The West African intervention force, known as Ecomog, immediately blamed Mr Taylor's National Patriotic Front of Liberia (NPFL) for the murders and mutilation of men, women and children war refugees living at the abandoned Firestone rubber plantation near Harbel, about 40 miles (65km) north of Monrovia.
'They were shot, they were mutilated and some of them had their heads broken and their throats cut,' Augustine Mahiga, a UN High Commissioner for Refugees (UNHCR) official in Monrovia, told reporters.

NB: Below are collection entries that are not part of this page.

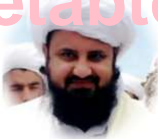
فیسبوک غلام حضرت غلام
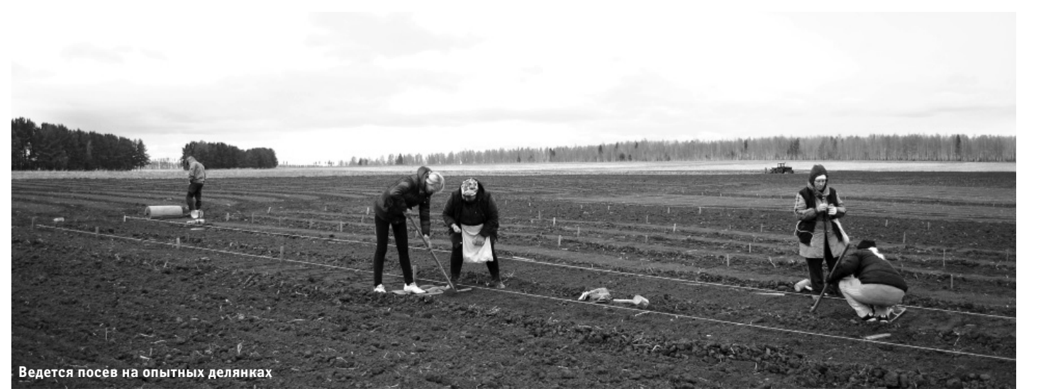
Ведется посев на опытных делянках
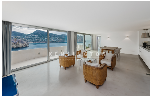
Wohnung in Pt Andratx Mallorca - wohnzimmer
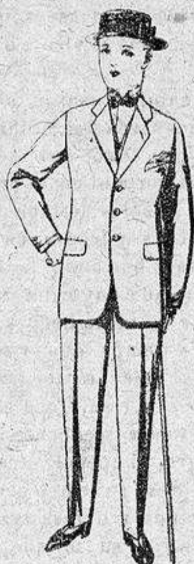
Trajes de lanilla melton, vicuña, etc., para jóvenes de 10 a 16 años, de 20 a 55 ptas.
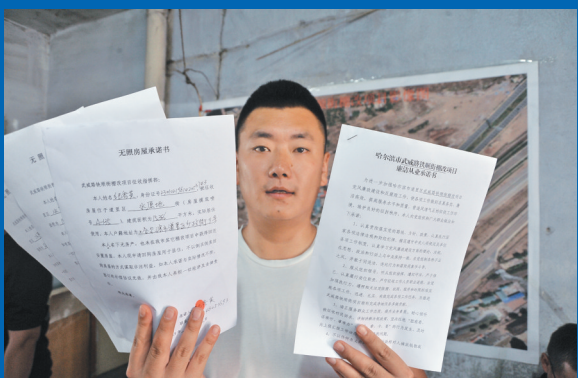
创新实施工作人员及住户双承诺。
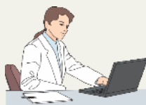
電子カルテから 検査オーダー
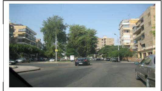
شكل 40 : تحقيق الخصوصية البصرية من خلال الأشجار الفاصلة بين واجهات المساكن والمسافات البينية الملائمة

لابد للمسكن أن يحقق اتصالاً بصرياً ذا مستوى معقول بالخارج لتوفير الاتصال بين البيئة الداخلية بالمسكن والبيئة الخارجية بشكل لا يؤثر على خصوصية المسكن وتتحقق الخصوصية البصرية على مستوى البيئة المحيطة عن طريق عناصر البيئة الطبيعية والتي هي من صنع الله كالأشجار والجبال والتضاريس المختلفة التي تلعب دوراً أساسياً في التشكيل الخارجي حول المسكن وحجب أنظار المتطفلين كما في شكل رقم (40)، بالإضافة إلى حفظ المسافات البينية بين البلوكات السكنية.
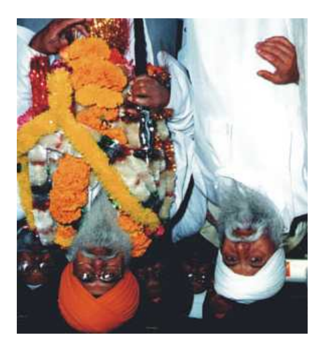
ਕਰਤੂਤਿ ਪਸੂ ਕੀ ਮਾਨਸ ਜਾਤਿ ॥ ਲੋਕ ਪਚਾਰਾ ਕਰੈ ਦਿਨੁ ਰਾਤਿ ॥ ਬਾਹਰਿ ਭੇਖ ਅੰਤਰਿ ਮਲ ਮਾਇਆ ॥ (੨੬੭)

kartoot pasoo kee maanas jaat, lok pachara kare din raat. Bahar bhekh antar mal maya.
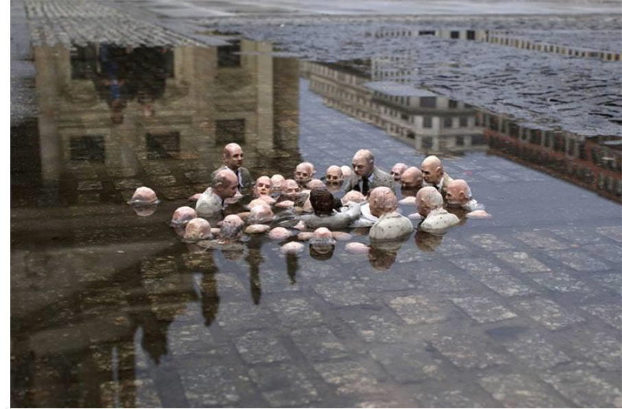
“Politicians debate Global Warming” e. Isaac Cordal
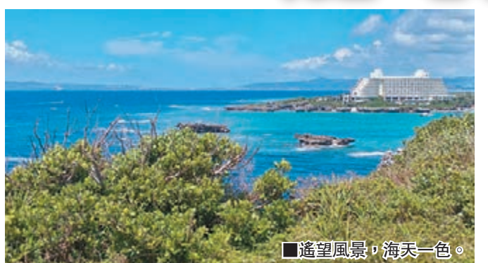
遙望風景，海天一色。
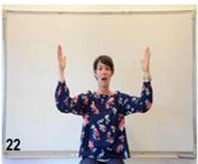
22-23- on continue à refermer les bras
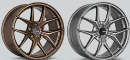
Gloss Bronze (ZP)
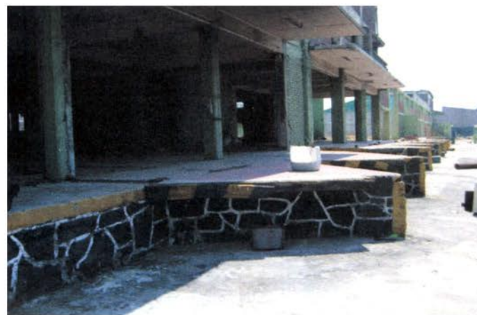
CUBIERTA INDUSTRIAL CARGA Y DESCARGA
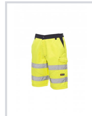
FLUORESZEKÁLÓ SÁR GA/TENGERÉSEKÉK
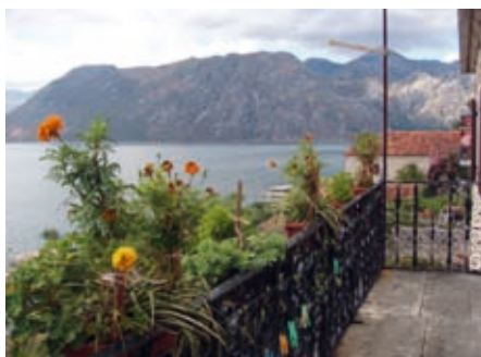
Пољлед са балкона џлациџе Ивановиџ- Ђејковиџ Ив
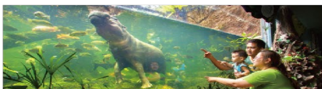
加贈有趣新奇的動物天性秀
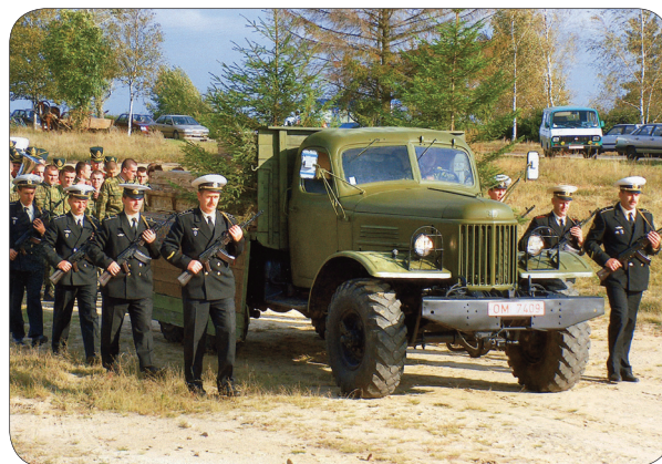
Перазахаванне астанкаў байцоў з воінскімі ўшанаваннямі

'So these people who came wanted the rice and they ordered every person to come out of the camps. Then there was random shooting,' he said. 'I wasn't there at the scene but what I saw this afternoon was very gruesome, horrible.' Witnesses said the NPFL carried out the raid, Mr Mahiga reported, but there was no hard evidence to link the organisation with the massacre. Mr Taylor, in an interview with the BBC, denied responsibility for the killings and said the accusations would be used to justify an Ecomog offensive.
Harbel, controlled since February by Ecomog forces and their allied Liberian militias, the Armed Forces of Liberia (AFL) and the United Liberation Movement (Ulimo), was the site of an Ecomog bombing raid last October when cluster bombs killed 24 and wounded 150 people. The bombing of Harbel, close to Robertsfield International Airport, took place one week after Mr Taylor broke a ceasefire and attempted to capture Monrovia. Since then, employing jet bombers, tanks and assistance from the AFL and Ulimo militias, Ecomog has scored gains against the NPFL, capturing the strategic port of Buchanan early last month.
In recent weeks, however, Mr Taylor's young, highly mobile fighters have infiltrated Ecomog-controlled territory and attacked behind the lines. Mr Taylor, who led a rebellion in 1989 to oust the former military dictator Samuel Doe, has said he would only consider a ceasefire once the 16,000-strong Nigerian contingent in Ecomog is reduced. He has urged the UN to take over the peace effort.
Ecomog has attempted to tighten an economic noose around the 50 per cent of Liberia that remains in NPFL hands, a territory popularly known as 'Taylorland', by halting all shipments of food aid through neighbouring countries and by bombing international aid convoys which violate the ban. Trucks of the charity Medecins Sans Frontieres were attacked last month. The top UN representative in Monrovia, Ross Mountain of New Zealand, was recalled after criticising the Ecomog plan to channel all aid shipments through Monrovia before moving across rebel lines.
One UN spokesman said Mr Mountain's removal was requested by the interim government of President Amos Sawyer, but Mr Mountain himself later denied it.
Mr Sawyer's Ecomog-protected government last week imposed press censorship, saying all war-related stories must be submitted to the ministries of justice and information.